Parliament of Burundi
- Long title Loi 1/013 du 18 juillet 2000 portant reforme du code de la nationalité burundaise ;
- Enacted by: Government of Burundi

= Burundian nationality law =

Burundian nationality law is regulated by the Constitution of Burundi, as amended; the Nationality Code of Burundi (Code de la nationalité burundaise), and its revisions; and various international agreements to which the country is a signatory. These laws determine who is, or is eligible to be, a national of Burundi. The legal means to acquire nationality, formal legal membership in a nation, differ from the domestic relationship of rights and obligations between a national and the nation, known as citizenship. Burundian nationality is typically obtained under the principle of jus sanguinis, i.e. by birth in Burundi or abroad to parents with Burundian nationality. It can be granted to persons with an affiliation to the country, or to a permanent resident who has lived in the country for a given period of time through naturalization.

==Acquisition of nationality==
Nationality can be acquired in Burundi through birth or later in life through naturalization.

===By birth===
Article 12 of the 2018 Constitution of Burundi provides for gender equality in obtaining nationality in the territory; however, the Nationality Code of 2000 allows children to derive their nationality only from their fathers, unless they are illegitimate or the father is stateless. In practice, it is typical that only the father's nationality is recognized.
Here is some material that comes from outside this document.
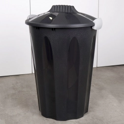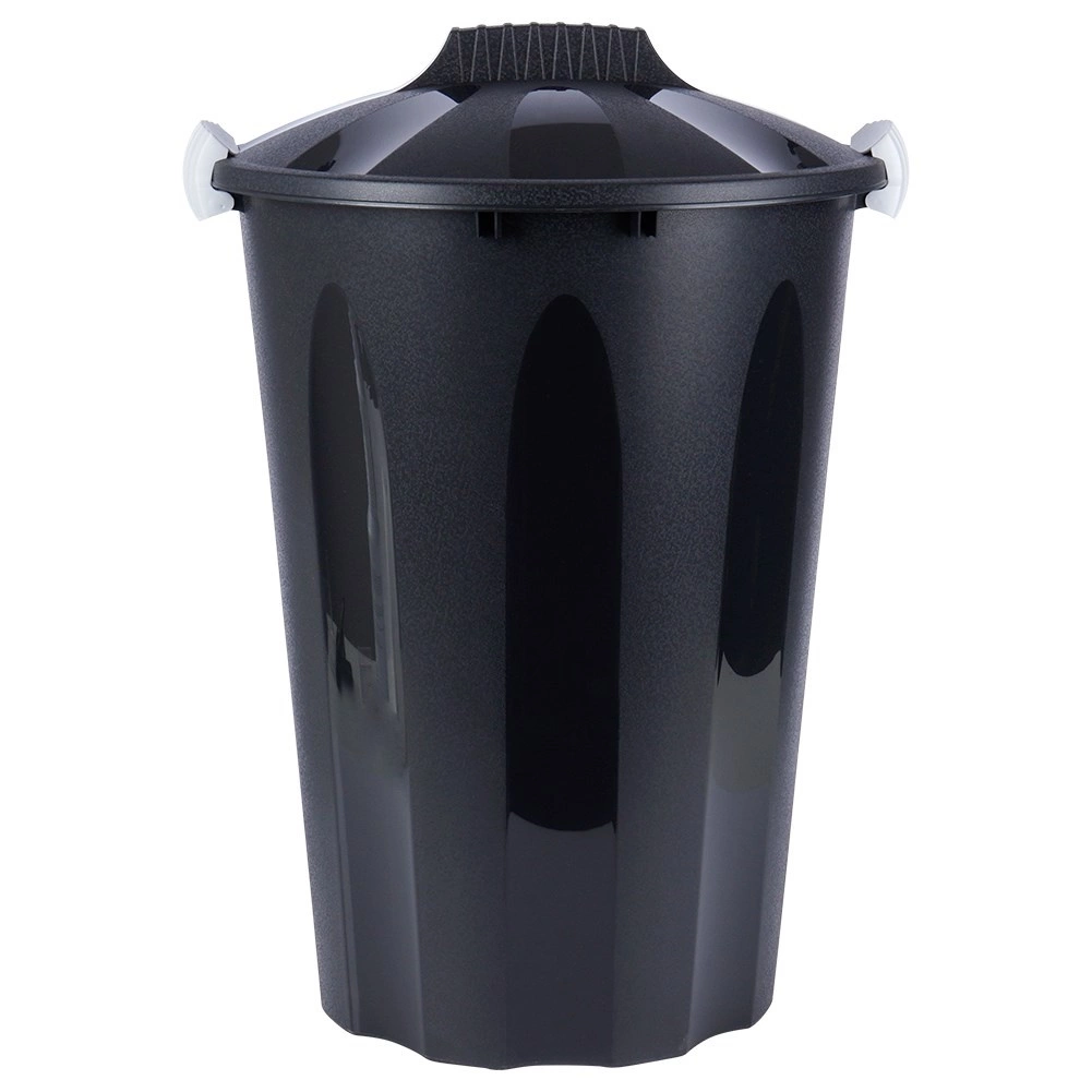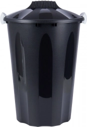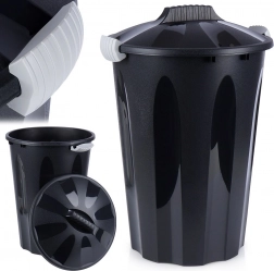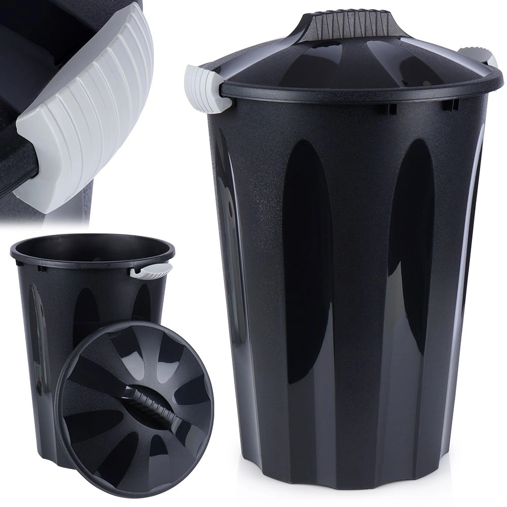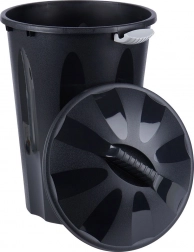 Praktyczny czarny kosz na śmieci o pojemności 50 l z dobrze przylegającą pokrywą i wygodnymi uchwytami pomaga utrzymać porządek i zapachy pod kontrolą. Wykonany z wytrzymałego plastiku z udziałem 90% materiału z recyklingu, jest lekki, stabilny i w 100% podlega recyklingowi.

- Persons born anywhere to a Burundian father;
- Persons born anywhere to a Burundian mother, who have not been legitimated or claimed by their father, or whose father is stateless or of unknown nationality; or
- Foundlings or orphans born in the territory of unknown parentage.

===By naturalization===
Naturalization can be granted to persons of the age of majority who have resided in the territory for a sufficient period of time to confirm they understand the customs and traditions of the society. General provisions are that applicants be of good character and have no criminal history. To confirm an attachment to the nation, applicants must show that they have an understanding of Kirundi and either own property in the territory, or are engaged in a profession. Nationality may also be granted for service to the nation or under exceptional circumstances. The general residency requirement is ten years, but exceptions can be made for individuals who have performed exemplary services to the nation. Besides foreigners meeting the criteria, other persons who may be naturalized include:

- Persons born to a Burundian mother may declare a choice to obtain her nationality;
- The wife of a Burundian husband acquires his nationality by declaration upon legal marriage;
- The husband of a Burundian wife may naturalize after a five-year residency;
- A minor child upon naturalization of their Burundian parent; or
- Adoptees who are residing in Burundi at the time of adoption and declaration of nationality.

==Loss of nationality==
Nationality conferred at birth may not be revoked in Burundi. Persons can be denaturalized for committing fraud in a naturalization petition or serving in the military of another state at war with Burundi.

==Dual nationality==
Burundi has allowed dual nationality since 2000.

==History==
===Kingdom of Burundi (1675–1894)===
The peoples with the longest history in the region were the Twa, who were known for pottery and hunting. Hutu people migrated to the area and engaged in farming. Waves of cattle-raising Tutsi moved south into the region from the fifteenth to sixteenth centuries. By 1625 all three groups were living in and interacting in the area. The Kingdom of Burundi developed under Ntare I of Burundi around 1675. The mwami (king) ruled the area centered around Muramvya assisted by administrators. Chiefs administrated outlying districts and had autonomy to govern, within the framework of the kingdom. The socio-political hierarchy was headed by a king and a class of princes, known as ganwa, followed by attendants of the royal court, and other subjects of the middle and lower classes. Social hierarchy traced descent through the father, thus a child born to a Hutu father and Tsusi mother was Hutu. The place one occupied in the society was dependent on that of the paternal grandfather, regardless of the standing of the other three grandparents. Authority was secured through patronage, in which the king had power and influence over his subjects by offering them protection in exchange for loyalty and allegiance. Of feudal roots, the system was designed to maintain an inexpensive, pliable labor pool, which could be used to maximize production and limit costs, allowing a small elite class to monopolize wealth and power.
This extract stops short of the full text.